Flora can offer much more than just aesthetics, as the properly chosen and placed plant may invite birds into a yard, provide fruits or vegetables, create a privacy screen from neighbors or cast ample shade on sunny days.

"It's the old adage that form follows function. Because if you have a hot patio, it doesn't matter whether the plant has pink flowers or blue flowers," he said.

According to Goodnick, in addition to function, sustainability is an important aspect of plant choice. Plants that are not well-suited for Northern California's climate, which he described as Mediterranean because of its wet, mild winters and dry, warm-to-hot summers, require chemical pesticides or fertilizers that can be harmful to the environment. When it rains, the resulting chemical-containing runoff enters and pollutes the sewer system.

Sustainability is also crucial for people who want a garden but might not have the time to devote to its upkeep.
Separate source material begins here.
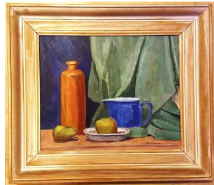
Greta Ringström, olja 1947, 31 x 38 cm
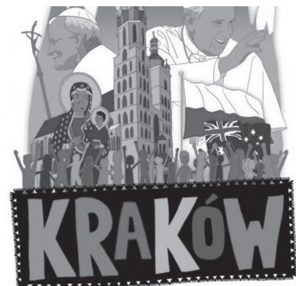
World Youth Day Poland 2016

Pravda je však jiná, drazí mladí, nepřišli jsme na svět „vegetovat“, mít se pohodlně a dělat ze života pohovku, která nás uspává. Naopak, přišli

Goodnick estimated that the maintenance for a sustainable garden is about 20 percent of the upkeep required for a poorly designed garden.

"You have more time to be in your garden and support your lifestyle than going out every weekend doing chores and getting nothing back for it," he said.

Another side of sustainability is choosing the right plant based on yard size. "The usual phrase we use in our industry is 'right plant, right place.' If you give a plant enough space to grow you reduce maintenance, and from an aesthetic point of view, it allows the plant to achieve its natural beauty," he said.

Goodnick said that many people plant the tipu tree, which is native to South America, because they are drawn to the tree's beautiful, golden-colored flowers. However, the tree's roots are aggressive, growing along the ground's surface and wreaking havoc on nearby sidewalks and driveways.

A better choice for a typical Bay Area yard, he said, is the Arbutus 'Marina' because it does not require much water, its roots are not as invasive as the tipu's and its mahogany bark, porcelain white flowers and dark green leaves still make it an aesthetically pleasing pick.

Goodnick also believes that garden planners do not have to sacrifice beauty when they are planting for function and sustainability.

There is no one-size-fits-all approach to designing a garden, Goodnick said. For example, many of Palo Alto's neighborhoods have an eclectic array of house styles, so people should make sure they choose the right type of garden that complements their home.

"If you have an English Tudor-style house, and you have a collection of cacti from the Sonoran desert, you're welcome to put those cacti in front of the house, but you're not going to win any style awards," he said.

"The first thing I ask a client is, 'What do you want to be able to do when you go outside?' with a big emphasis on the word 'do,'" he said. Goodnick, who has designed landscapes for skate parks to playgrounds to botanical gardens, said a well-designed yard can allow people to entertain friends, enjoy nature and spend more time outside.